Laughter strikes me. It’s only fitting, I think, that me, who spent decades in formal study, grilled and drilled, has to work very hard to come up to speed, while he, who had no formal education in music or his instrument, can toss off really, really intricate, difficult riffs like it’s nothing and hit them every time.

I used to be that good, but with a qualifier: only after years and years of determined practice and only by continuing daily practice, practicing every day, at least four hours a day, could I be that adept and agile, my sight-reading top-notch, my ability to toss off brand new pieces superb, and my repertoire flawless — four hours of practice a day. And that, my friends, is the difference between a virtuoso musician (him) and somebody who’s just talented.

Azumi flute

When the POG2 and the Digitech Throw Tantrums

DigitechRP1000, POG2, and Dawn, Strip

Like I mentioned previously, there’s a lag between playing a note and it sounding through the PA. It’s not much. It’s usually not that noticeable …unless I’m playing under heavy distortion or using the stomp loop to bring up the POG2’s multiple voicing to go along with some of the Digitech RP1000’s distortion or flanger or …whatever makes the sound ‘happen’. Then, it can be noticeable milliseconds of lag, requiring me to really lead the beat. Occasionally, though, the units actually throw tantrums.

I was practicing some difficult foot switching between patches on a piece where I’m playing some fast, upper register lines. As I switch between patches, I’m hearing wobbles the moment I bring the parts up to speed …which, admittedly, really gallop along. I slow the tempo down, and the wobbling disappears. Bring the tempo back up, and there are the wobbles, again.

I’m one of those people who looks, first, to themselves as creating or causing the problem. A check with effects off, though, showed that, I was playing the part accurately. Bringing the effects units back online, I tried again, only to find that, sure enough, at speed, the wobbles happened. Now, I knew that neither the Digitech nor the POG2 like the flute’s third register’s upper high notes played at speed, but this particular glitch hadn’t ever exposed itself to my hearing before …maybe because, stressed out about just getting the switches hit when I should, I wasn’t listening — all too possible. Now I was listening, though.

Trying the line without the POG2 didn’t improve things. Trying the line with only the POG2 on and bypassing the Digitech, also didn’t make things go smoother.  I began trying various other patches on the Digitech with the POG2 off. Okay. That worked. I tried other voicing on the POG2.  Okay, too.  It was both the Digitech’s patch and the voicing being asked of the POG2 that were throwing problems, and isolating one, the other, or having them both working together didn’t make any difference. They did not, either of them, like that line played at speed and were vehemently voicing their objections through the PA.

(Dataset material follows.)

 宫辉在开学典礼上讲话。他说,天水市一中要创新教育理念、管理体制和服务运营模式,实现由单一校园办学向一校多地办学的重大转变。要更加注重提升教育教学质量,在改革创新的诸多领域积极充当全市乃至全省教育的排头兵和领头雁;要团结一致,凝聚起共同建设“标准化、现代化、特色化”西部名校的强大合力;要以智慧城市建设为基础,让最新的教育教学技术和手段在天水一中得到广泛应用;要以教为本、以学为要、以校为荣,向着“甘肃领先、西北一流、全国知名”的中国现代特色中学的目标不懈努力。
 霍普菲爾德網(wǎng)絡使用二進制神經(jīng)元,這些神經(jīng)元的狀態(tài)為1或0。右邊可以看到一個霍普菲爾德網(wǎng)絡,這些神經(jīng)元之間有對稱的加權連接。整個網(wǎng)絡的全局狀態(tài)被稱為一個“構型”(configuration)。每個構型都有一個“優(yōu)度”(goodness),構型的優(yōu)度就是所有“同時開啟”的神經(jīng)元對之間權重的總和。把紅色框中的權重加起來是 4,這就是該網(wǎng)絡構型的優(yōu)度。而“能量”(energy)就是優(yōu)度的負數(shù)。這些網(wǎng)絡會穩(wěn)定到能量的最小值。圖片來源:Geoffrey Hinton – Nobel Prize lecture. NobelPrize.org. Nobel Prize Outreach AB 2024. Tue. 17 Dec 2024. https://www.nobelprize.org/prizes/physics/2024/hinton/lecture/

It made me laugh out loud to hear the machines in their grumbles. They were both having a devil’s time hitting the pitches that swiftly. Slow it down just a tad, and everything stabilized. Turn it up to burn speed, though, and both of them threw fits.

The funny things you have to deal with playing power-driven flute!

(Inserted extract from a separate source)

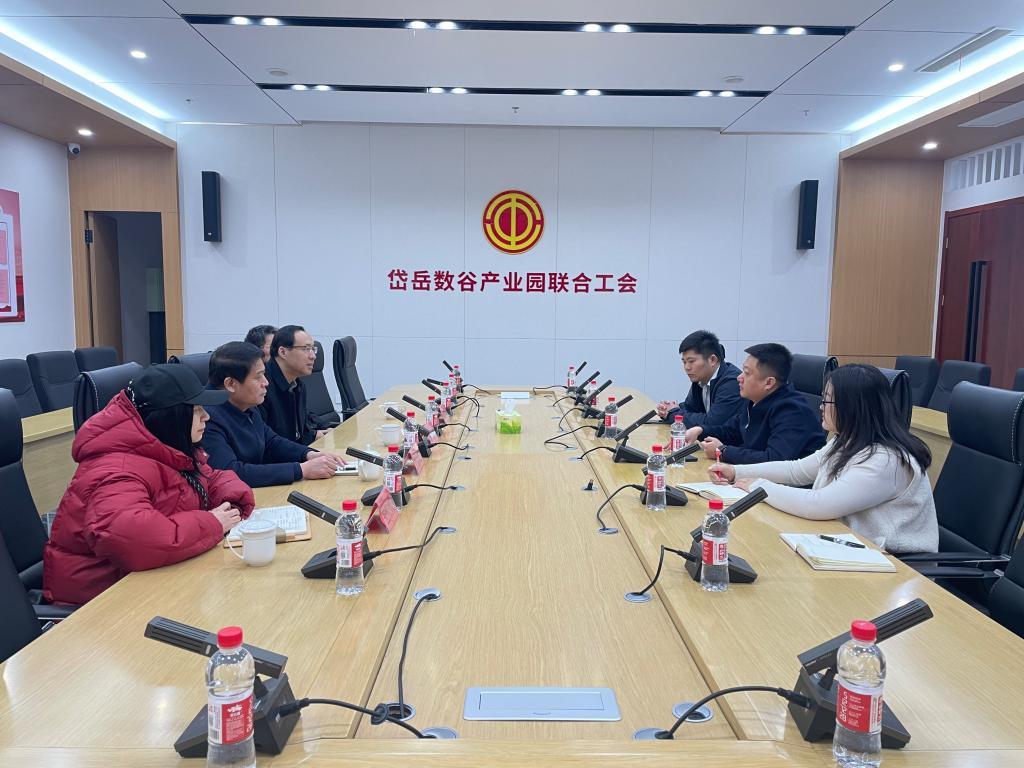随后,双方召开座谈交流会。基地负责人介绍了人才培养体系、实训项目设置及岗位需求标准。调研团队结合部门职责与基地负责人深入探讨:围绕图书馆(信息中心)在人工智能资源服务、数据资源共建共享等方面的优势,提出了校企资源互补、协同赋能的合作思路;辛显雪书记探讨校企共建实训基地、联合开发课程、开展师资互聘的可行性;潘庆勇围绕信息技术服务、算力资源对接等事宜进行沟通;王姣姣聚焦学生实习就业、职业素养培养,了解基地实习管理模式与就业扶持政策。

Digitech RP1000, the POG2 and Dawn

Author Community All Aflutter and Cluck. OMG!

So, a bunch of “legitimate, hard-working ‘authors'” are in an outrage. Feathers are kerfuffled, bent, even broken. Tsks, clucks, cries, and screams of outrage (text-style) flood the cyberlanes. SJW-style calls-to-action abound. Hands grab virtual pitchforks, clubs, hoes, and hatchets.

It might not make your local news, but, in the online author circles, the ripples are palpable, the temblors quaking their virtual landscapes. The headline reads: “Scammers Break The Kindle Store”. (If you’re interested, DuckDuckGo it, because, no, I won’t link to it or any of its reblogs.) What that headline should read is: “System-Gaming ‘Authors’ Beaten at Their Own Game,” because that’s what’s happened.

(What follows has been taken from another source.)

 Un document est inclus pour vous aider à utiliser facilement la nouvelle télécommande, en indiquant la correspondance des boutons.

Authors ‘serious’ about getting their ‘eBooks’ noticed in the hopes of making both money and a name for themselves as ‘successful indie authors’ collect and then mine their followers, email list subscribers, author pals and cooperatives, friends, relatives, and anybody else they can to try to get their books highly ranked on Amazon and other online book selling venues. Calls-to-action abound with

  • Urges to read a provided eARC (eBook version of an Advanced Review Copy) then post reviews of the book on its release date or very soon thereafter. (Of course, four and five star reviews are expected.)
  • Coordination of blog posts among genre-similar associate authors promoting the book are pre-scheduled, as are blog tours.
  • Subscribers and followers are urged to buy within x days of release or an older release’s new promotion, with specific dates sometimes assigned.
  • Social media pals are sent copy to post pre-release, on release day, and the few days following that release.
  • Seeking permafree status on Amazon of an author’s first book or, better, of the first of a series, is something pursued with vengeance and artful manipulation.
  • BookBub campaigns, Book Gorilla campaigns, eliciting votes for best cover contests and best book contests….
  • et al. ad infinitum.

Here’s the reality: Legitimately good books written by legitimately good authors don’t usually make it to the top of any rankings, because most legitimately good authors don’t have the crowd charisma and marketing gumption (and, yes, I said ‘gumption’, defined as ‘boldness of enterprise; aggressiveness’, because that’s what it is) necessary to hold sway.  Success in eBooks, especially on Amazon, regardless of actually how good the book is (and most of them are, in fact, schlock) is based on how well the author of that top-ranked book has gamed the system, which is dependent upon ‘likeability’, luck, skill at manipulating the various ranking algorithms and, more so, skill at convincing others to raise you and your book’s popularity and sales/download/pages-read numbers.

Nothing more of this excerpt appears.